She stands over me, hands on hips, shouting. Or maybe she’s not shouting but it comes across with the intensity of a shout. It echoes other shouts I’ve heard before; my mother yelling at me when I was a child, my teacher angry at me for some misdemeanour. The passion of it is startling because it’s not about a personal grievance, it’s because I made too many posts on the school’s social media site at work this week. Apparently, I should have been more focused on other things in the library.

It’s a generational thing too, my boss is at least twenty years older than me. For her, information is static, a set-and-forget situation, not something that has to be attended to constantly the way social media does. I think of all this later, but in the moment I am like a dumb fish unable to explain what I’ve done and why I’ve done it. This is what her anger robs me of, the ability to speak calmly.

Is she truly angry at me? Now therein lies a tale, one in which another worker left inconveniently. All this rage is really for someone else, but it’s packaged up and served to me because I’m the one still here.

Who observes this interaction? Nobody, or rather nobody except a room full of students. The other employees have gone home but the children are still here waiting for their parents. She knows that these children will not speak up on my behalf. She has been their teacher, the authority figure that rules over them. Their eyes slide towards me with sympathy and I wonder what it’s like to be one of her students. Perhaps it’s me who should be speaking for them.

Me? Well, here I am trapped between my boss and an HR officer who has already shown that she won’t keep confidentiality. This is my first paid job, the one in which I’m supposed to be learning my profession. I realise sadly that I’ve not landed in a safe space, that this is not a beehive, this is a nest of hornets and I will have to guard myself every second that I am here. I sit hunched and watch the hands of the clock slide round the hour; she has an hour of vitriol to discharge.

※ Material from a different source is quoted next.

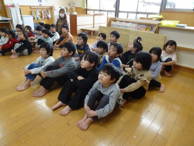 4月から、1年生になる5歳児さんも、年長児になる4歳児さんもしっかりと話を聞くことが出来ました。
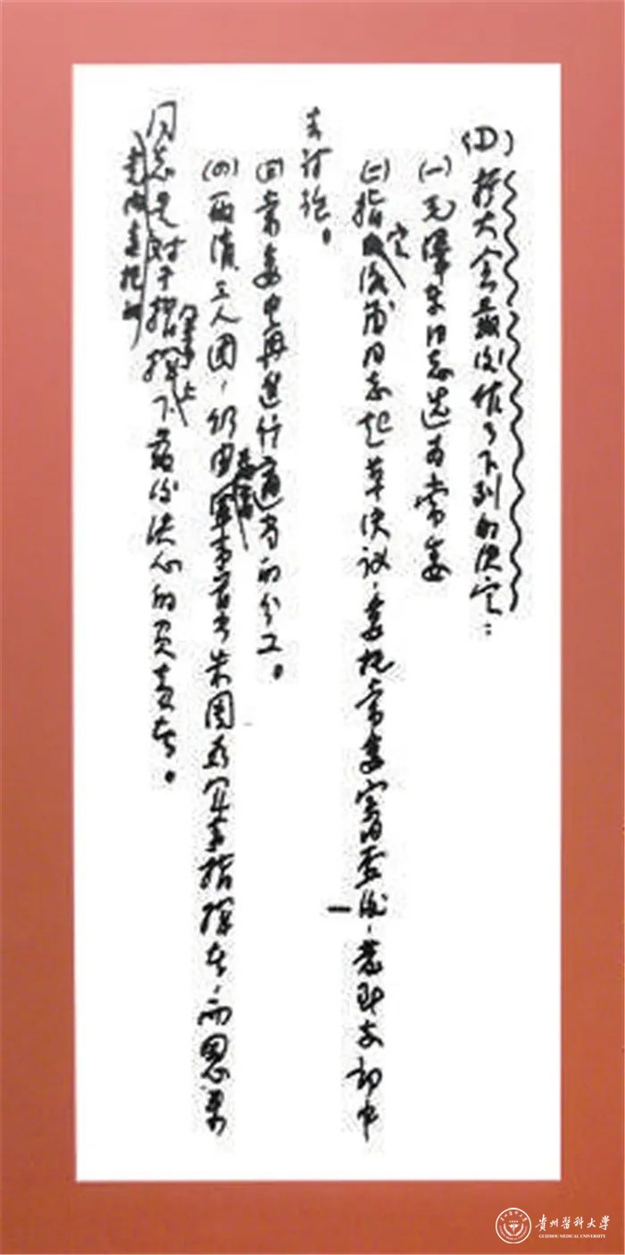 展出的两页纸上,记录了1935年中央红军一渡赤水时,朱德向全体指战员的讲话内容——

I go home and I cry; I cry all the tears I had been holding in because I would not let her see me cry. I get up the next day with a heavy sense of dread, but I make myself go in. I think about my parents and all their stories of bad bosses over the years, the stories I didn’t quite want to believe but now I do. I understand their sacrifice a little better now.

When I get to work, it’s all tentative smiles and friendliness. I settle in and I begin to think that maybe it wasn’t so bad, maybe it will be okay and maybe I can stay. It’s not till a few weeks later that I learn that I am wrong…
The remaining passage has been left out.